SYLVANIA, Ohio — Joe Mehling minces no words in describing the effect of his desperate decision last year to turn to an old marketing standby and employ it in a completely unfamiliar way.
“There’s no doubt about it,” explains the man whose been executive general manager of family-owned Dave White Chevrolet, just a mile south of the Ohio-Michigan border, since 2006: “It’s saved our ass.”
The “it” to which Mehling is referring is local radio advertising, something Dave White Chevrolet has used nearly nonstop to drum up business for almost all of its 70-year-plus history. But unlike all of those previous decades, the local radio ad campaign right now isn’t touting lease deals or the latest new-vehicle purchase specials — it’s focused completely on bringing listeners in to sell their vehicles.
Not trade them in — sell them.
“We started it in August or September,” Mehling said, when the dealership’s new- and used-vehicle inventories were at historic lows. “We had to do something, and it made no sense for us to advertise cars that we didn’t have. We were still doing all of the digital advertising, all of the Internet advertising, but we came up with the plan to put out a radio ad campaign that would let people know that we will actively buy your car from you. Bring it in, we’ll appraise it. It’s no hassle. If you have a balance, we’ll pay the bank off, and we’ll give you a check for the difference.”
The results? Nothing short of spectacular, no matter how you tally them up, Mehling said. The dealership has bought an average of 40 used vehicles per month from private sellers brought in by the $7,500-per-month radio campaign since it started. Resulting in an average profit of $5,000 per vehicle when they’re sold, the strategy has netted at least $1.1 million in additional profits to the dealership just since last fall, Mehling said.
Plus, the dealership’s used-vehicle inventory — which had shrunk to just 65 vehicles when the emergency radio campaign began — sat mid-February at a relatively robust 135, and is chock-full of vehicles that would be out of reach had they gone through an auction lane.

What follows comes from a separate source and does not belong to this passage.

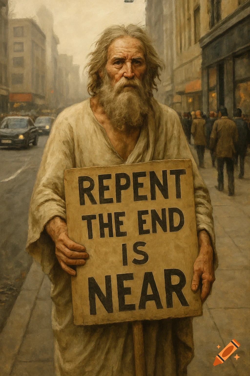 Old man with beard holds sign saying 'REPENT THE END IS NEAR' on a city ...

“I could not have touched some of these vehicles at an auction right now,” says Joe Matthews, the dealership’s buyer and inventory manager, who has been at Dave White Chevrolet for 18 years.
“I’m online, trying to buy cars like every other dealer, and the prices at the auction are just silly. Plus then you’ve got the auction fees on top of that, and those auction fees are just money that we’re giving away that we could have had for the store. But because of this, we’re now at a [pre-owned] inventory level that we haven’t seen in 18 months.”

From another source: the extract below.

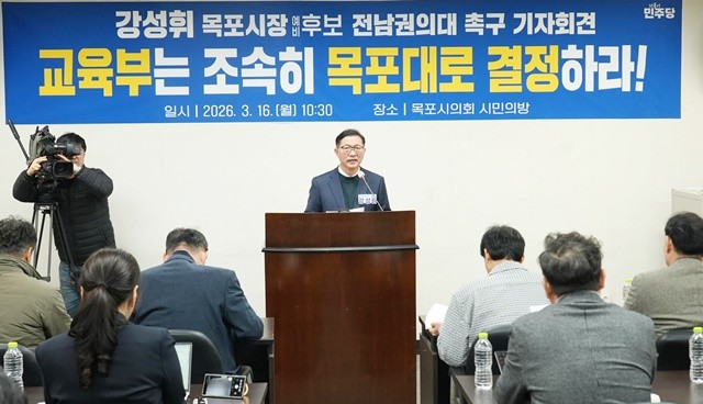 또한, 강 후보는 “특정 지역을 전제로 결론을 정하는 것은 대학본부와 의대를 분리 배치하기로 한 전남도와 양 대학 간의 3자 합의를 흔드는 것”이라고 비판했다. 이어 “목포는 이미 옥암지구 16만㎡ 부지가 확보된 준비된 지역”이라며 “정원 100명과 2030년 개교가 확정된 만큼, 교육부가 객관적 실사를 통해 조속히 결론을 내려야 한다”고 촉구했다.

Other dealers have, of course, pivoted some or all of their local advertising from selling to buying vehicles, with varying degrees of success. One dealer in Texas told Automotive News this month that he began running “buy” ads a year ago, and now buys up to 100 used vehicles per month from private sellers.

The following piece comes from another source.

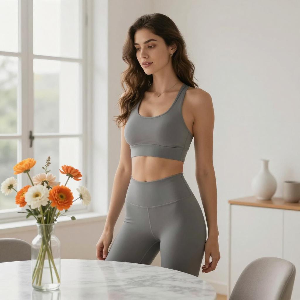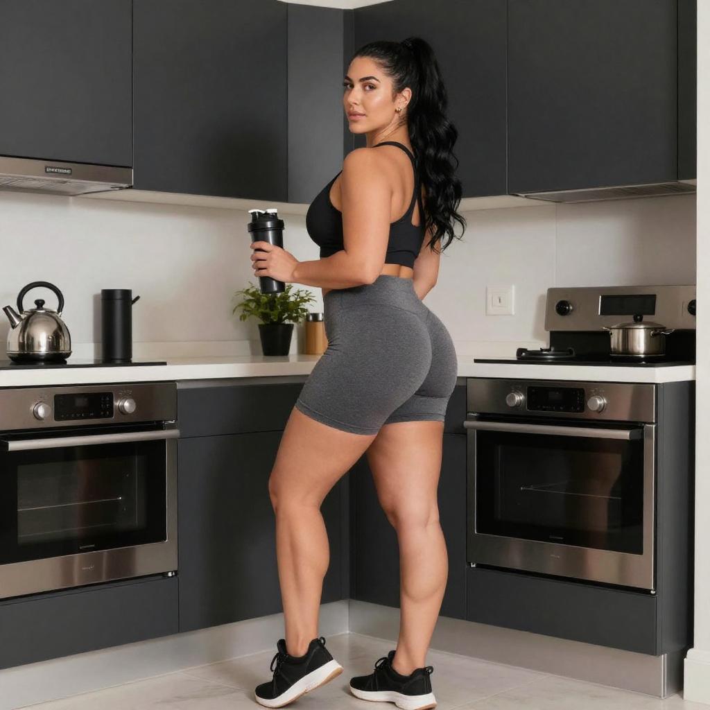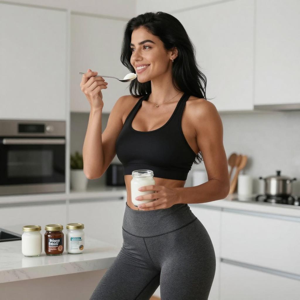 Photograph of a fit, young woman with long black hair, tan skin, and a slim, curvy physique. She wears a black sports bra and tight, gray leggings, smiling while eating yogurt from a spoon. She stands in a modern kitchen, holding a glass jar in her left hand. On the table to her left are several small jars.

The secret to Dave White Chevrolet’s strategy lies not only in the radio ads, but how Matthews and other dealership personnel pursue leads that come in as a result.
“We work them just like we would a buy lead,” Mehling explained. “The people that respond to the ad phone into our [business development center], and we handle it just as though they were calling about buying a car. We respond quickly. We do a personal reach-out. We try to develop a relationship to get them through the door so we can take a look. And more often than not, they go home with a check.”
The dealership has gone from buying 5 to 10 percent of its used-vehicle inventory off the street two years ago to now regularly buying 25 to 30 percent each month from private owners, Matthews said.
It hasn’t always been confined to transactions at the dealership. Matthews said he has gone out to visit some of his selling customers at their homes to inspect the vehicles they want to part with, especially if the prize at the end of the transaction is something of high value.
Dave White’s separate used-vehicle showroom — an adjacent former produce market that the dealership purchased and converted into a pre-owned center a decade ago — showed some of the fruits of those labors in mid-February: three Chevrolet Corvettes, a Mazda MX-5 Miata convertible and a Dodge Challenger Hellcat, all in pristine shape. The dealership averages between 75 and 100 pre-owned sales per month.
Mehling said that buying inventory off the street has helped the dealership in other ways as well, allowing its service and detailing departments to generate internal revenue as the vehicles are reconditioned for sale. The better inventory has also cut back the number of vehicles the dealership wholesales, he said.
“We still have to compete with the Vrooms and the Carvanas of the world, so [Matthews] has been very aggressive. I can count maybe three or four times over this whole period where we haven’t been able to compete with them and lost a deal because of it,” Mehling said. “But the nice thing is, the customer gets our check on the spot. It’s that instant gratification.”